(Stored records)
Start of Block

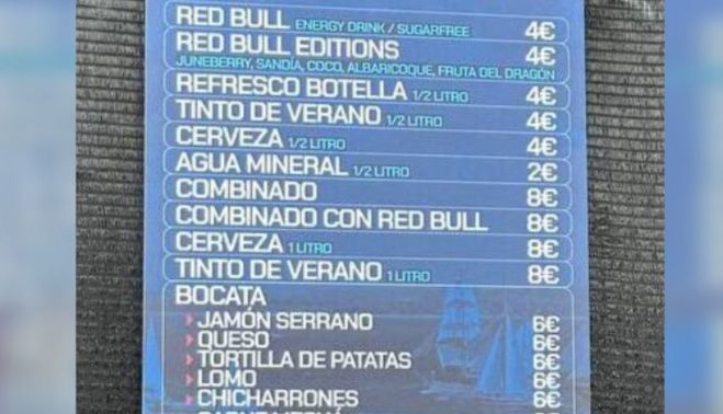 David de la Cruz ha compartido en sus redes una foto que "me han mandado muchos vecinos". En la misma aparecen los precios de las bebidas y comidas de una carpa que se ha montado con motivo de la Gran Regata de Cádiz.
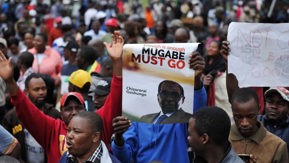 خرجت حشود من المتظاهرين المدعومين من الجيش إلى شوارع عاصمة زيمبابوي هراري، السبت، للمطالبة باستقالة الرئيس روبرت موغابي. وذكرت وكالة "أسوشيتد برس" الأمريكية، أن المتظاهرين حملوا صوراو لافتات لقائد الجيش كونستانتينو تشيونغا، كتبوا عليها "إلى الأمام يا لواءنا ". و لوح المتظاهرون بلافتات كتبوا عليها:"لقد طفح الكيل، على موغابي ان يستقيل" و"أرقد بسلام يا موغابي" و"لا لسلالة موغابي". يأتي هذا بعد اندلاع أزمة سياسية غير مسبوقة في زيمبابوي، الأسبوع الماضي، حيث بسط الجيش سيطرته على السلطة ووضع رئيس الدولة الذي يتولى السلطة منذ 1980 في الإقامة الج...
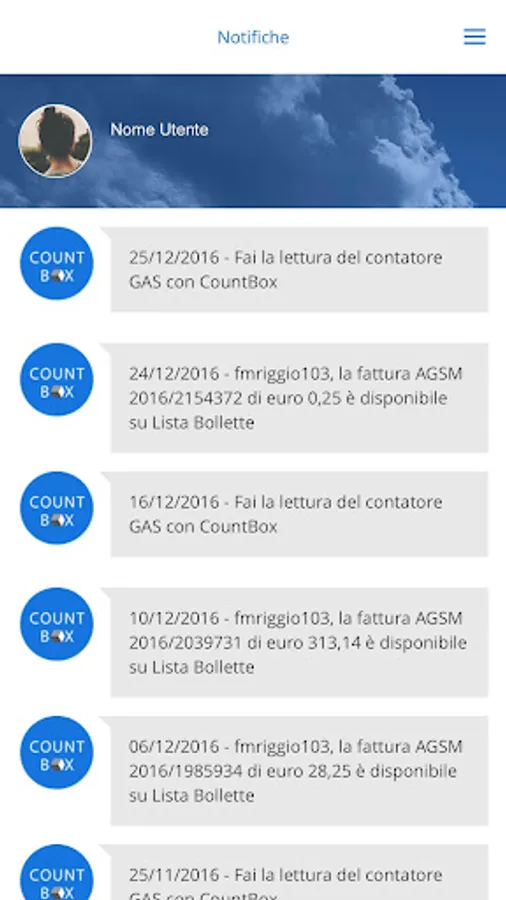 With CountBox have under control the trend of consumption of your supplies of AGSM Energy and Water Veronesi; plus you can view the readings and the graph with the trend in electricity, gas and water.
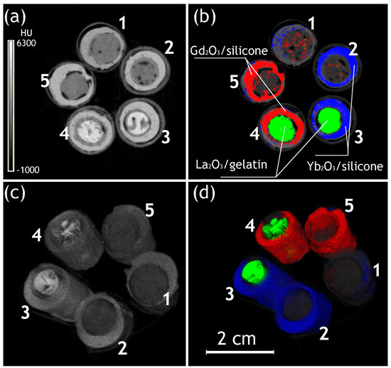Survey scans, including transversal slices (a,b) and 3D reconstructions (c,d) of the gelatin-filled implants in energy-integrative mode (energy window 37–48 keV, (a,c)) and material determination mode (b,d). Gd—red; La—Green; Yb—yellow; 1—gelatin@silicone; 2—gelatin@(Yb2O3/silicon); 3—(La2O3/gelatin)@(Yb2O3/silicon); 4—(La2O3/gelatin)@(Gd2O3/silicon); 5—gelatin@(Gd2O3/silicon).
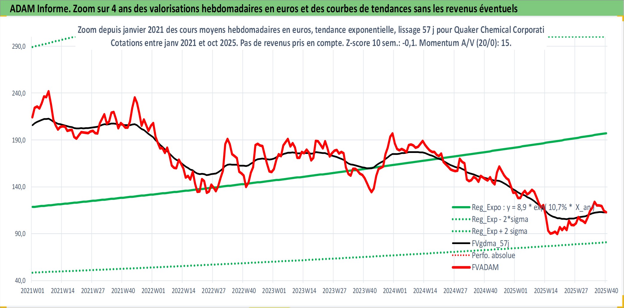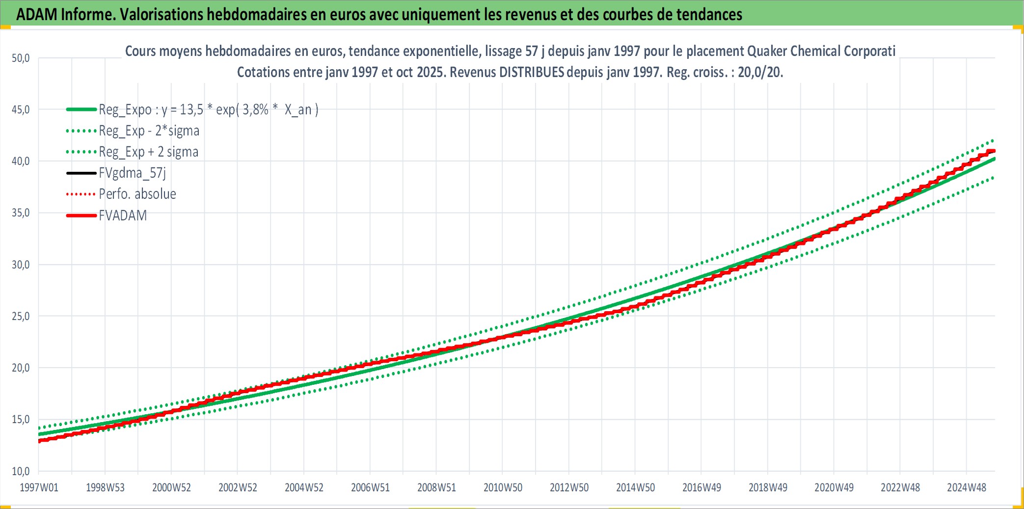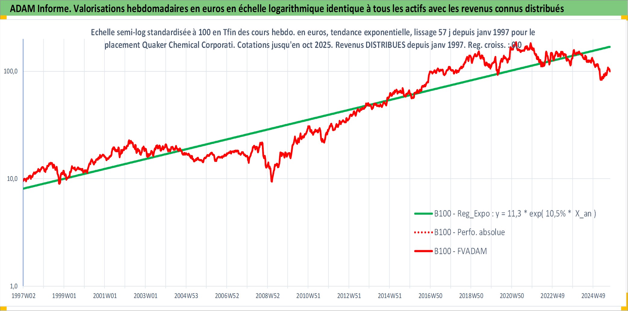 Site dédié aux investisseursPage dédiée sur site financeAnalyse des valorisations hebdomadaires de l'action Quaker Chemical Corporation. Cet actif est cote en USD. Les valorisations sont en contrevaleur EURO et couvrent les semaines 1997W01 a 2025W40. Les revenus de cet actif financier sont pris en compte depuis la semaine 1997W03. La note ESG de cet actif n'est pas connue.
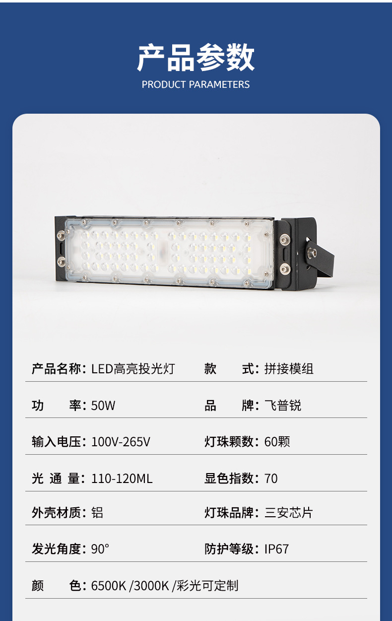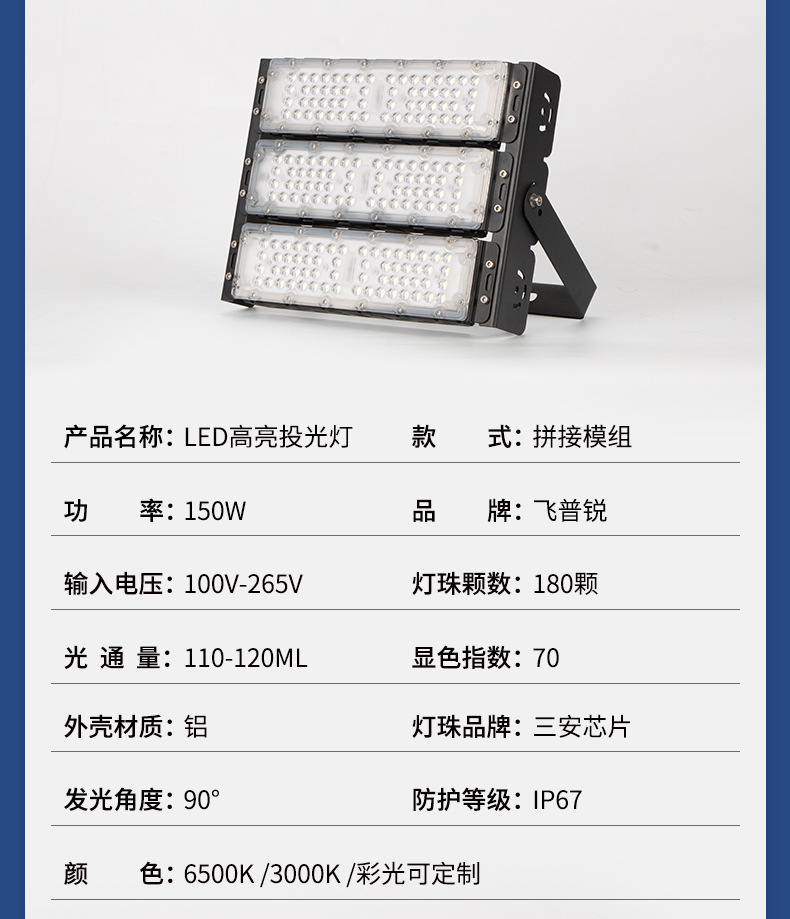 고성능 야외 투광 조명 터널 모듈 스포트라이트 야외 방수 led 투광 조명 안뜰 경기장 조명스토어 가기
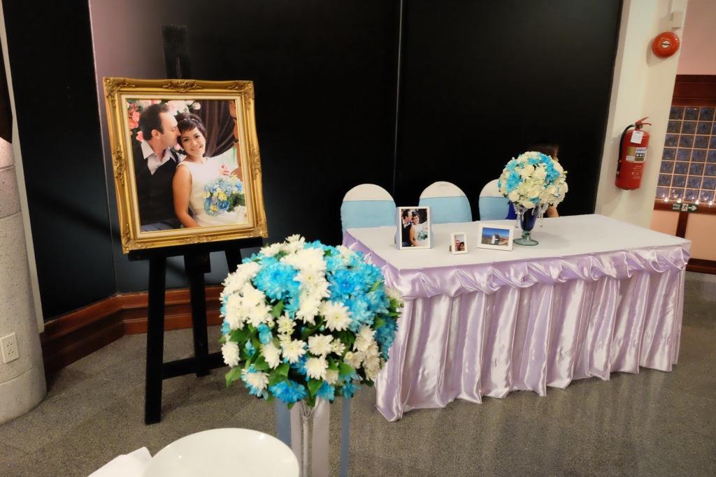 Registration desk where arriving guests signed the "blessing book" and received wedding favours (gifts).
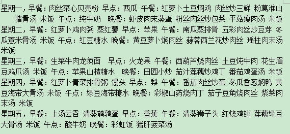 每周食谱
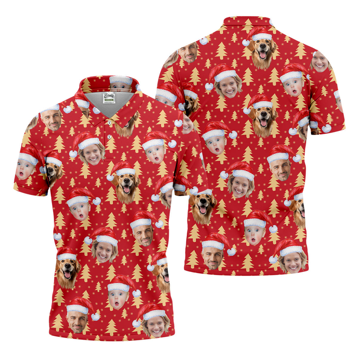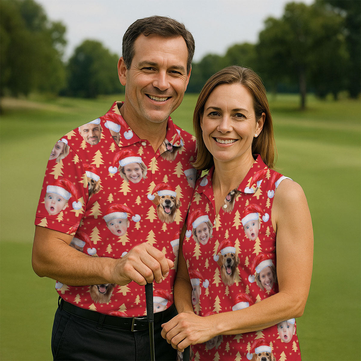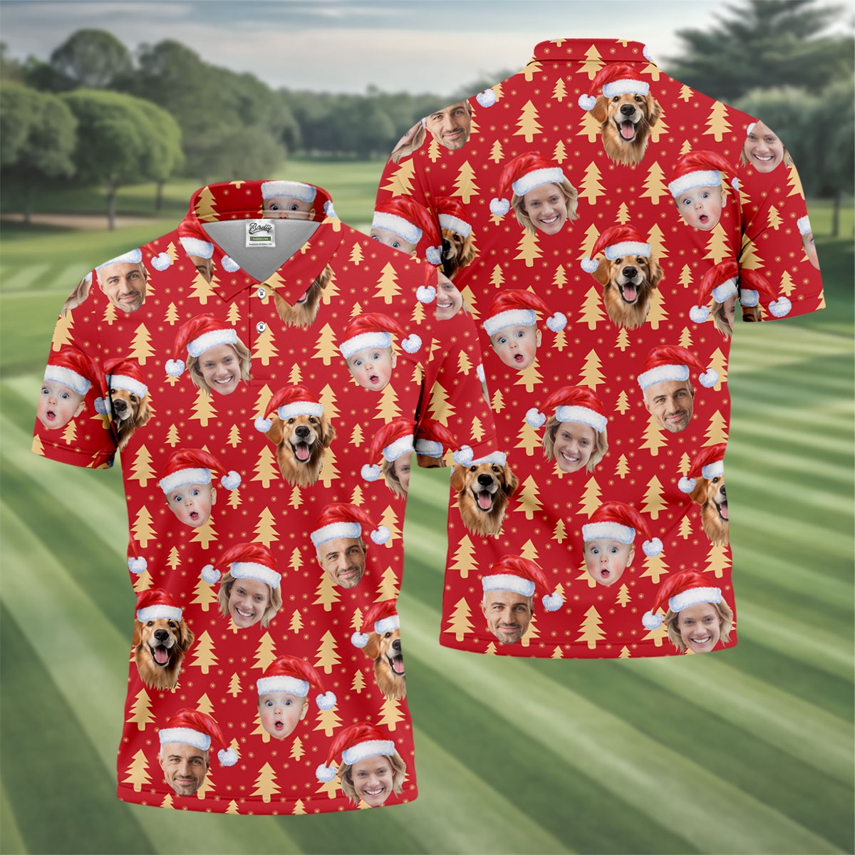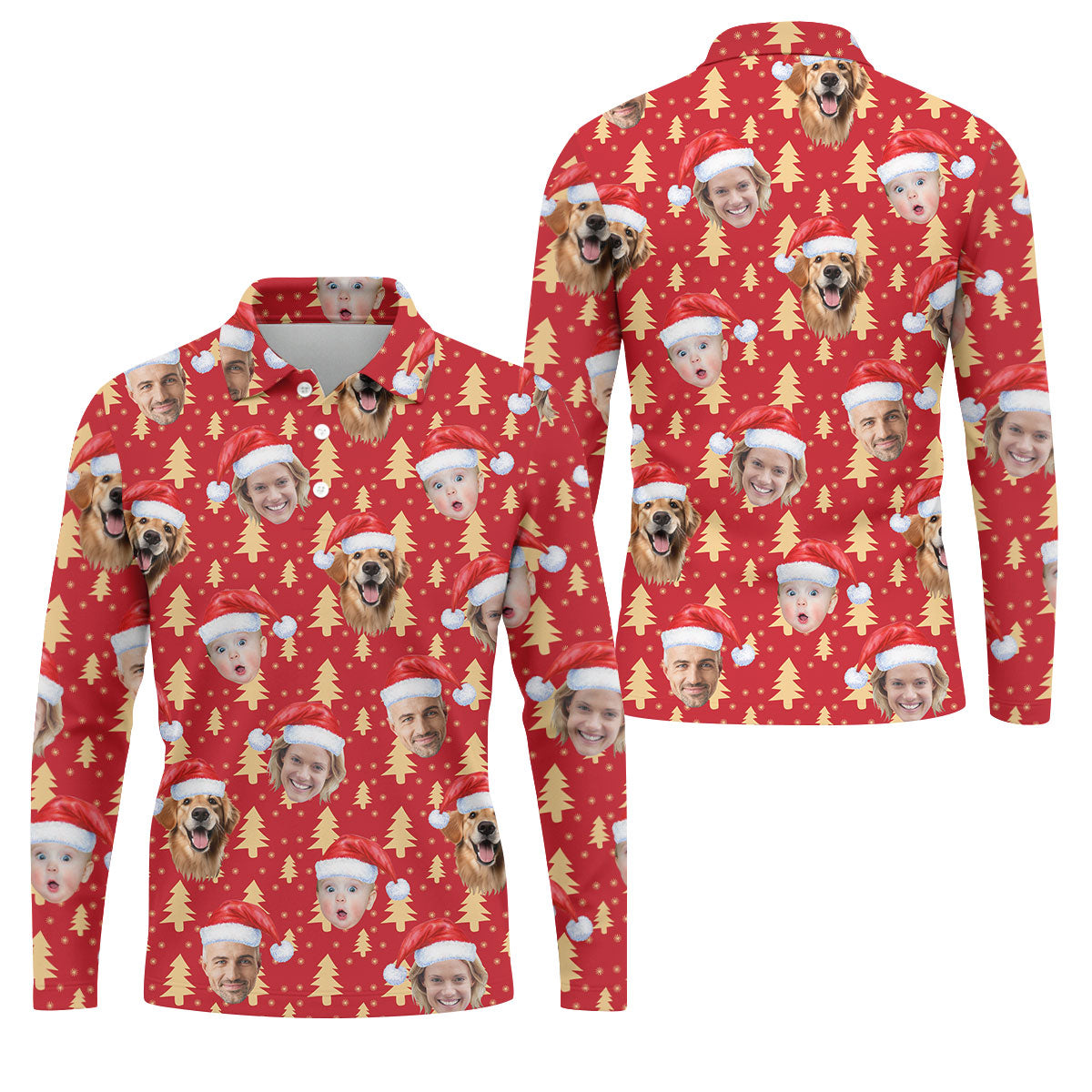 Custom Face Golden Pine Tree Red Golf Shirt, Christmas Golf Shirt, Golf Shirts For Men, Golf Gift For Men
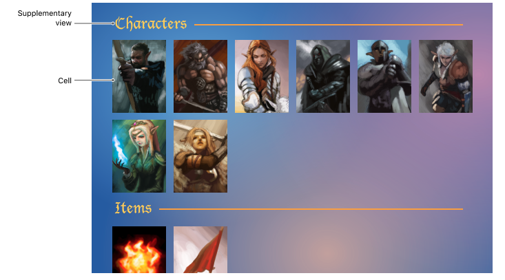 - 셀의 레이아웃은 컬렉션뷰의 레이아웃 객체에 의해 관리됩니다.
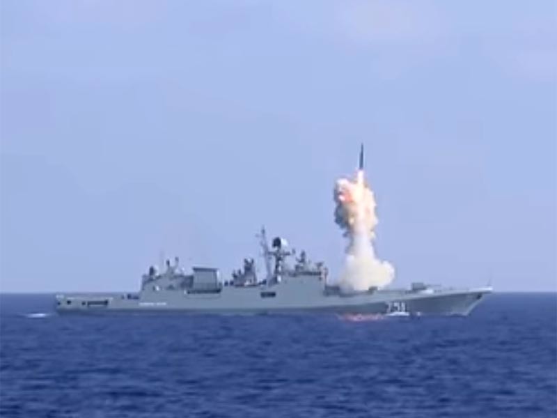 На видеозаписи длительностью в полторы минуты с разных ракурсов показаны пуски трех "Калибров" из пусковых установок фрегата.
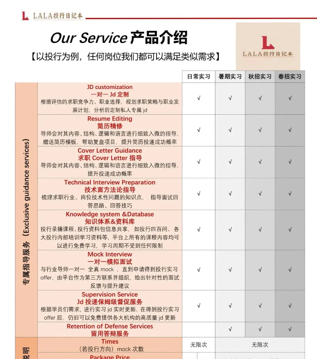 我们的服务主要包括专属导师1v1辅导、无限次Mock、简历修改、项目复盘、jd定制服务、对应赛道录播课程及笔试面试真题题库分享等!(内容详见视频)
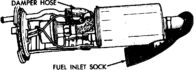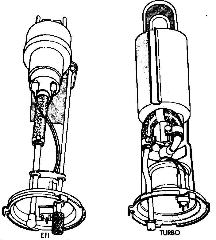 The fuel pump used in the EFI system, Fig. 1, is a positive displacement, roller vane, immersible pump with a permanent magnet type electric motor. The fuel is drawn in through the filter sock and pushed through the electric motor to the outlet. The pump contains check valves that restrict fuel movement in either direction when the pump is not operational. Operating voltage is supplied to the pump through the Auto Shutdown (ASD) relay.
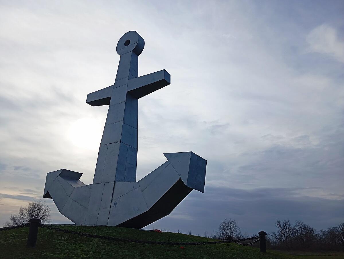 Это самый большой из существующих памятников в виде якоря, подобного ему по величине нет нигде в мире.
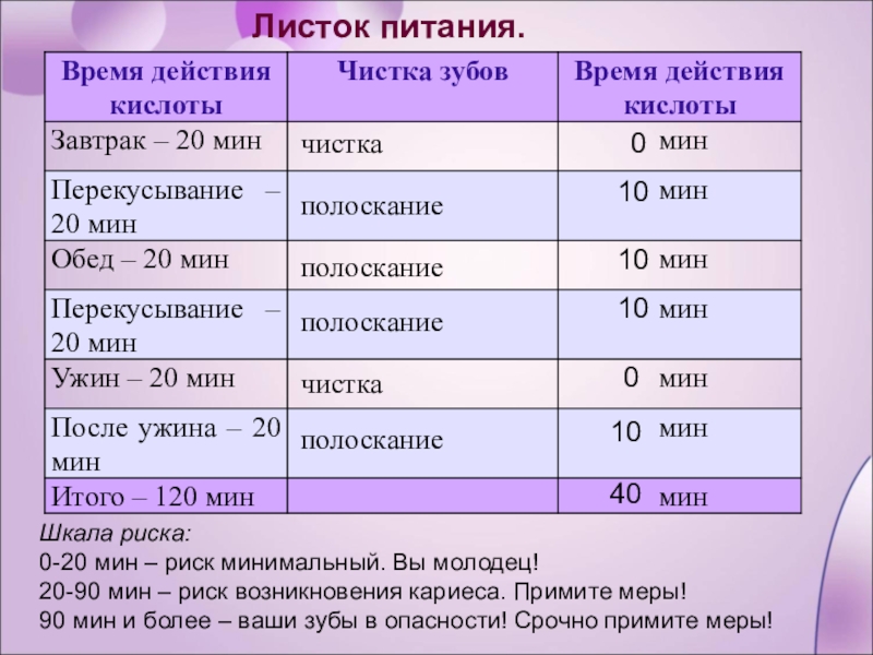 20-90 мин – риск возникновения кариеса. Примите меры!
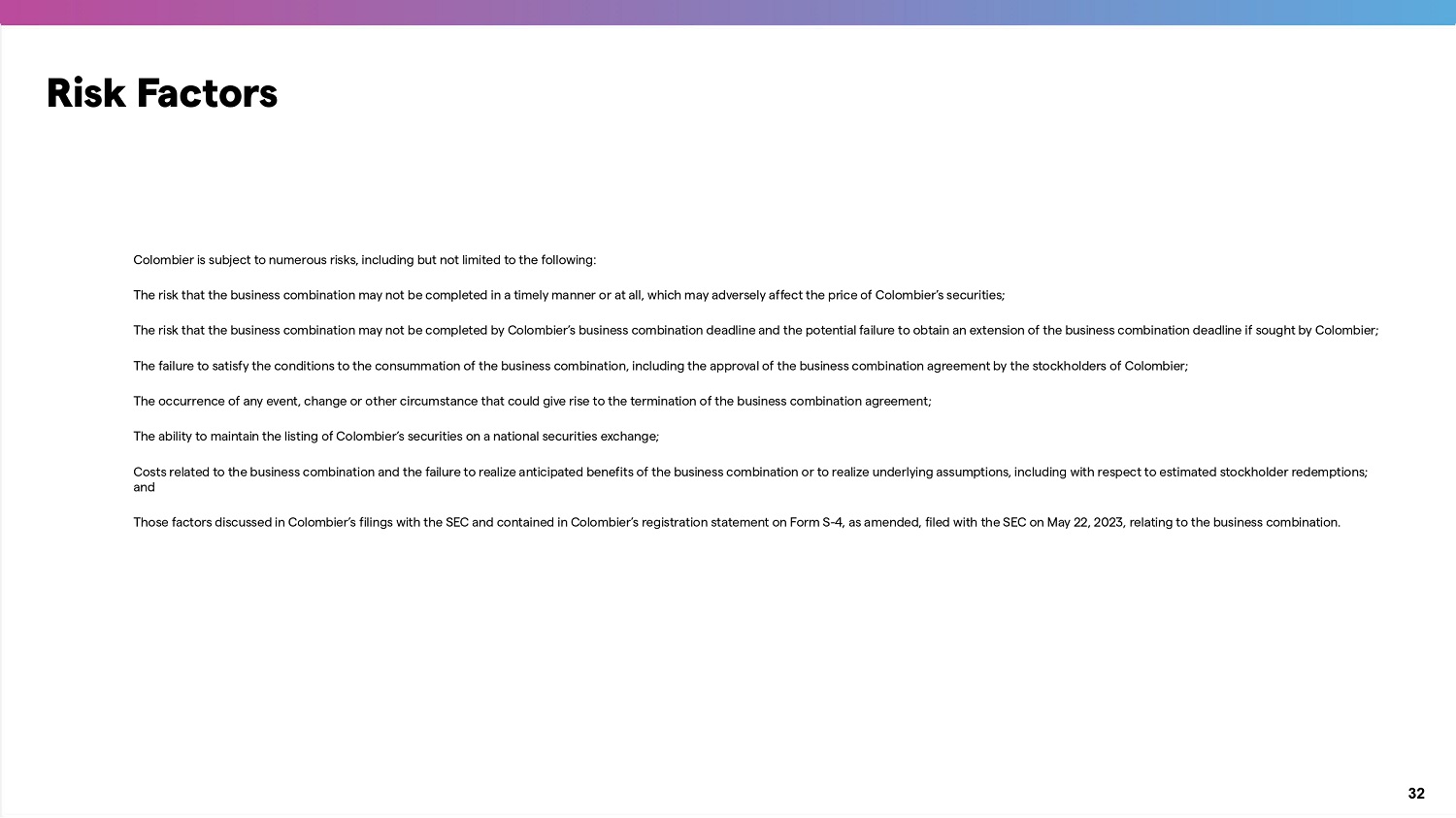 32 Colombier is subject to numerous risks, including but not limited to the following: The risk that the business combination may not be completed in a timely manner or at all, which may adversely affect the price of Colombier’s securities; The risk that the business combination may not be completed by Colombier’s business combination deadline and the potential failure to obtain an extension of the business combination deadline if sought by Colombier; The failure to satisfy the conditions to the consummation of the business combination, including the approval of the business combination agreement by the stockholders of Colombier; The occurrence of any event, change or other circumstance that could give rise to the termination of the business combination agreement; The ability to maintain the listing of Colombier’s securities on a national securities exchange; Costs related to the business combination and the failure to realize anticipated benefits of the business combination or to realize underlying assumptions, including with respect to estimated stockholder redemptions; and Those factors discussed in Colombier’s filings with the SEC and contained in Colombier’s registration statement on Form S - 4, as amended, filed with the SEC on May 22, 2023, relating to the business combination. Risk F ac t o r s

End of Block

* **Problem statement**
Your answer must be the exact lines from the records above, from the one containing "خرجت حشود من" through the one containing "На видеозаписи длительностью", both included, with every picture left out.

* **Response area**
 خرجت حشود من المتظاهرين المدعومين من الجيش إلى شوارع عاصمة زيمبابوي هراري، السبت، للمطالبة باستقالة الرئيس روبرت موغابي. وذكرت وكالة "أسوشيتد برس" الأمريكية، أن المتظاهرين حملوا صوراو لافتات لقائد الجيش كونستانتينو تشيونغا، كتبوا عليها "إلى الأمام يا لواءنا ". و لوح المتظاهرون بلافتات كتبوا عليها:"لقد طفح الكيل، على موغابي ان يستقيل" و"أرقد بسلام يا موغابي" و"لا لسلالة موغابي". يأتي هذا بعد اندلاع أزمة سياسية غير مسبوقة في زيمبابوي، الأسبوع الماضي، حيث بسط الجيش سيطرته على السلطة ووضع رئيس الدولة الذي يتولى السلطة منذ 1980 في الإقامة الج...
 With CountBox have under control the trend of consumption of your supplies of AGSM Energy and Water Veronesi; plus you can view the readings and the graph with the trend in electricity, gas and water.
Survey scans, including transversal slices (a,b) and 3D reconstructions (c,d) of the gelatin-filled implants in energy-integrative mode (energy window 37–48 keV, (a,c)) and material determination mode (b,d). Gd—red; La—Green; Yb—yellow; 1—gelatin@silicone; 2—gelatin@(Yb2O3/silicon); 3—(La2O3/gelatin)@(Yb2O3/silicon); 4—(La2O3/gelatin)@(Gd2O3/silicon); 5—gelatin@(Gd2O3/silicon).
 Site dédié aux investisseursPage dédiée sur site financeAnalyse des valorisations hebdomadaires de l'action Quaker Chemical Corporation. Cet actif est cote en USD. Les valorisations sont en contrevaleur EURO et couvrent les semaines 1997W01 a 2025W40. Les revenus de cet actif financier sont pris en compte depuis la semaine 1997W03. La note ESG de cet actif n'est pas connue.
 고성능 야외 투광 조명 터널 모듈 스포트라이트 야외 방수 led 투광 조명 안뜰 경기장 조명스토어 가기
 Registration desk where arriving guests signed the "blessing book" and received wedding favours (gifts).
 每周食谱
 Custom Face Golden Pine Tree Red Golf Shirt, Christmas Golf Shirt, Golf Shirts For Men, Golf Gift For Men
 - 셀의 레이아웃은 컬렉션뷰의 레이아웃 객체에 의해 관리됩니다.
 На видеозаписи длительностью в полторы минуты с разных ракурсов показаны пуски трех "Калибров" из пусковых установок фрегата.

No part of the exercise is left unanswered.